The seat has been described as comfortable, but it is not adjustable, due to the arrangement of components for fold-up. Unlike most three-wheeled scooters, the EV TranSport is not particularly suitable for tall riders. The scooter has a max weight capacity of 250 pounds.
Mobility products are all about delivering a measure of independence to someone who has lost a bit of it. And in that regard, the Echo scooter certainly delivers.
The whole scooter, battery, wheels and all, weighs 70 pounds. That’s it. Boom! It disassembles into three pieces, with the heaviest weighing 35 pounds, and reassembles as easily as it comes apart. A user could easily be a one-man band with this scooter, not needing any assistance from anyone.
Users should expect six to eight miles on a charge, and it runs faster than a Walmart shopping scooter (or so says one person who left a review). Its maximum weight capacity is 250 pounds. It has solid tires, easy steering and a comfortable, adjustable seat. Taller individuals should be reasonably comfortable operating this scooter.
This unit is ideal for the moderately disabled user, who can walk short distances and has normal strength and dexterity. But if that person has a progressing disease that will render them less able to do those things in the future, then the Echo might only be a stop-gap measure and not a permanent solution.
The reason is, because of its narrow profile and light weight, it can be prone to tipping over. Caution should always be taken when turning any three-wheeled scooter to do so at a slow speed. Turning on an incline, especially if that incline is at a right angle to the turn, increases the risk of turn-over.
eWheels should get the Energizer Bunny to help advertise this four-wheeled scooter, because it just keeps going and going – 10 miles on a full charge over level terrain. Now, perhaps you don’t get that kind of range if you put the pedal to the metal and run at the top speed of 4.5 miles per hour, but that’s still pretty impressive.

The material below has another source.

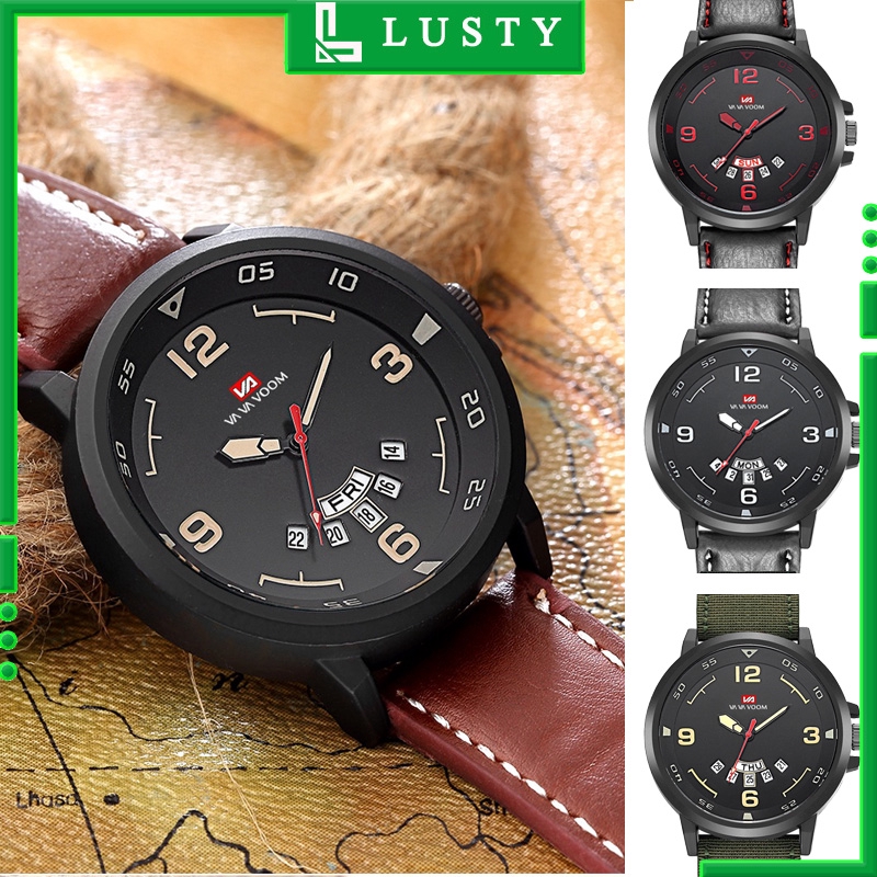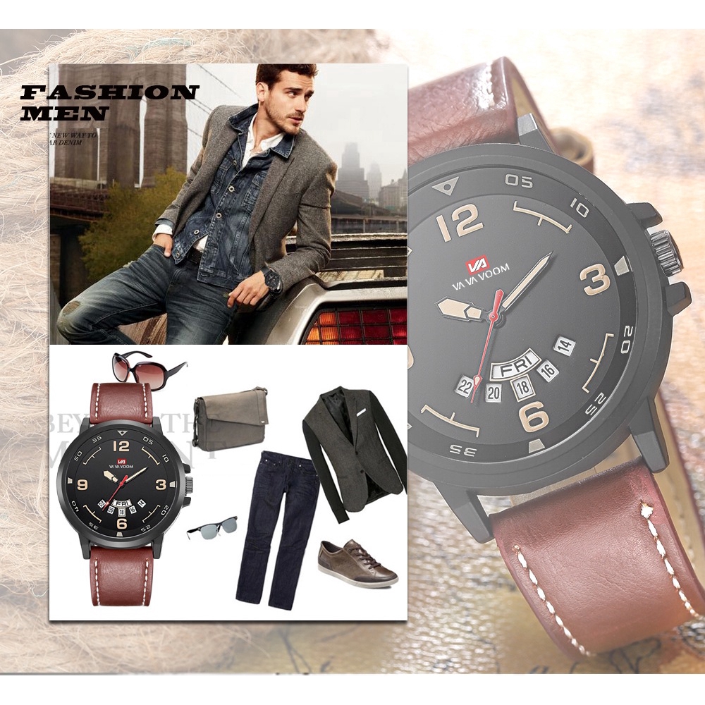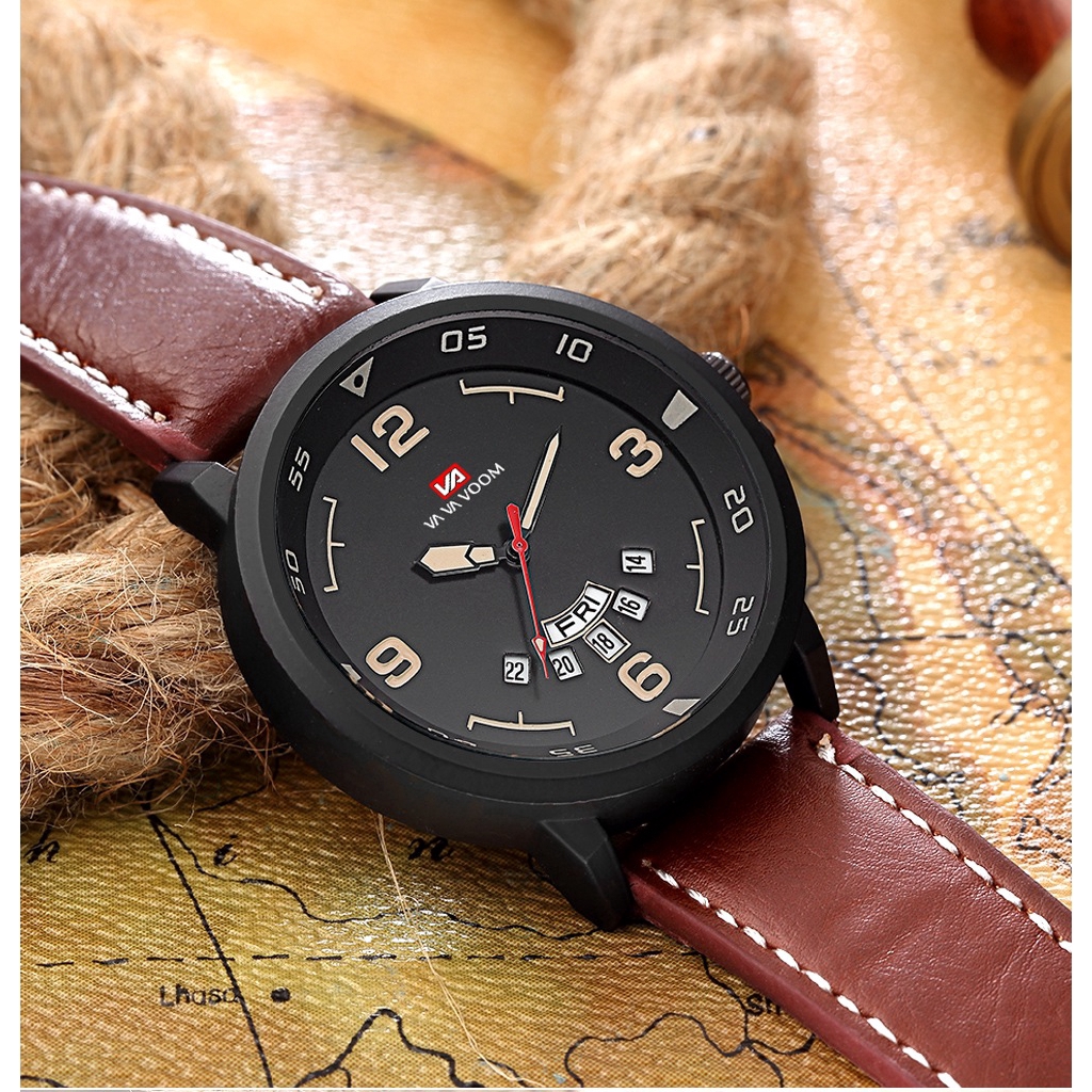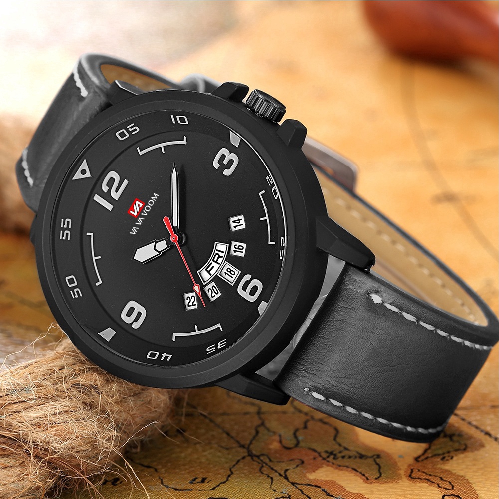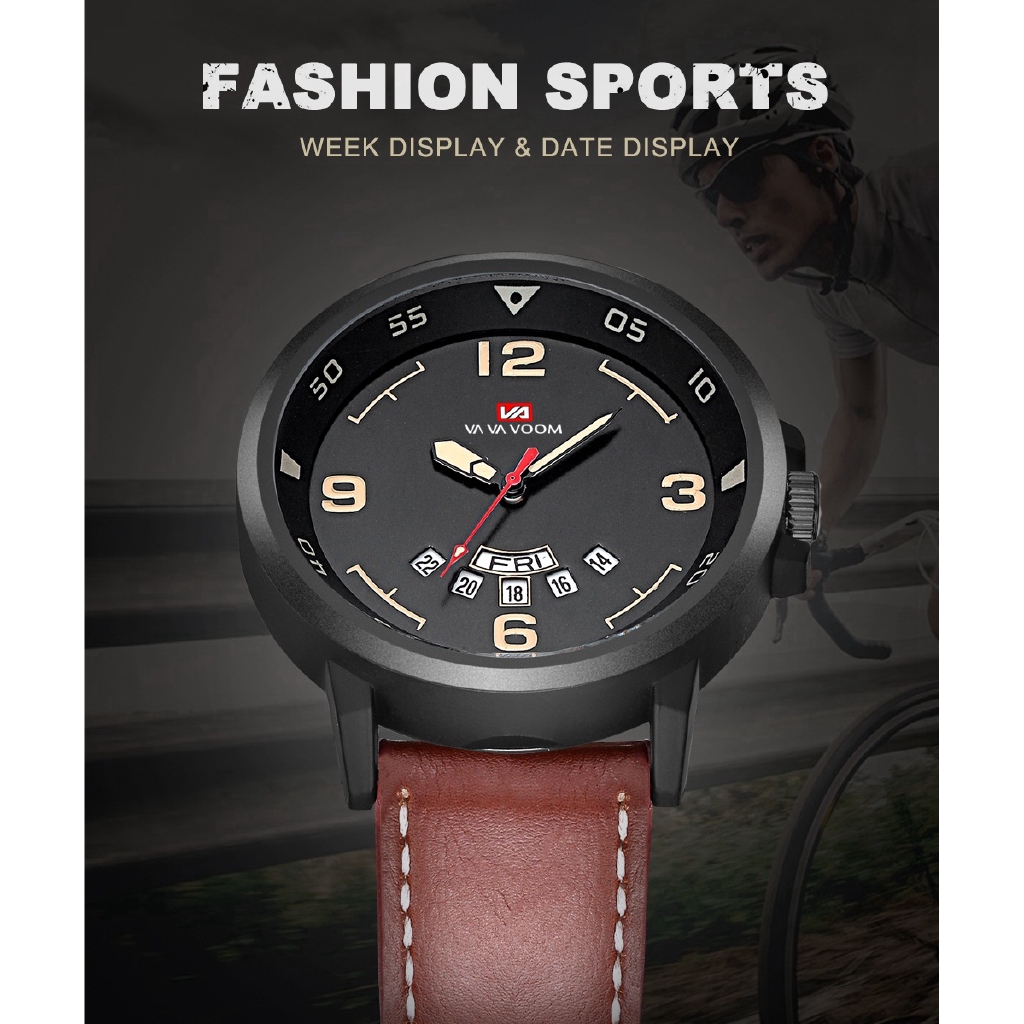 VAVAVOOM Quartz Watch for men - Waterproof Watch Leather strap Calendar Fashion sports watch VA-208

For a four-wheeler, it’s pretty light – 92 pounds – which might help explain its extraordinary range. Its max weight load is 300 pounds. It disassembles into five pieces, with the heaviest one weighing 28 pounds. The pieces easily fit into the trunk of a car, the back of a van or in the storage compartment of an RV (not included).

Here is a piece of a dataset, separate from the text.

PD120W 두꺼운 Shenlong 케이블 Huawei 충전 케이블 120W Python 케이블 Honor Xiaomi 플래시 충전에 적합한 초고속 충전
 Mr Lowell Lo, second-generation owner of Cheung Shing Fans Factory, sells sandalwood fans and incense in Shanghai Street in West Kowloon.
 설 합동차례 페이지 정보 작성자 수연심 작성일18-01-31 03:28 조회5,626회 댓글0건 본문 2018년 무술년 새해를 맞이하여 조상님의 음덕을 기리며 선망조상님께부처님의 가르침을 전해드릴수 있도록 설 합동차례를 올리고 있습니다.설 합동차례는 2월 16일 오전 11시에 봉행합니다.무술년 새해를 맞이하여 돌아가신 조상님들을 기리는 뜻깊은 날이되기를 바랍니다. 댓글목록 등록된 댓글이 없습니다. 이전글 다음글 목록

The three-position seat is rated as very comfortable by users who left reviews, and tall persons who might not fit on other four-wheelers at least have a chance on this one. It’s more a matter of leg length than overall height.
There is a lifetime warranty on the frame, and a two-year warranty on the drive train and electronics.
Let’s Get Moving!
The loss of mobility, to be able to go where you want, when you want and in the manner you want, can be devastating. The loss of mobility equals a loss of freedom, and for those stricken with a debilitating disease or who lose abilities due to age, this can create feelings of great despondency.
Medical aids can play a vital role in re-establishing a sense of freedom, and mobility scooters are a big part of that.
But buying the wrong scooter, one that constantly bangs into door frames, struggles to climb hills, loses battery power at the worst possible time, tips over, or is difficult to transport, can actually make the despondency worse.
This list is not the be-all and end-all in the world of mobility scooters. There are many quality mobility scooters in the marketplace, and it would be a wise move to thoroughly investigate all possibilities before making an investment. Hope your decision will now be a little bit wiser. Happy scooting!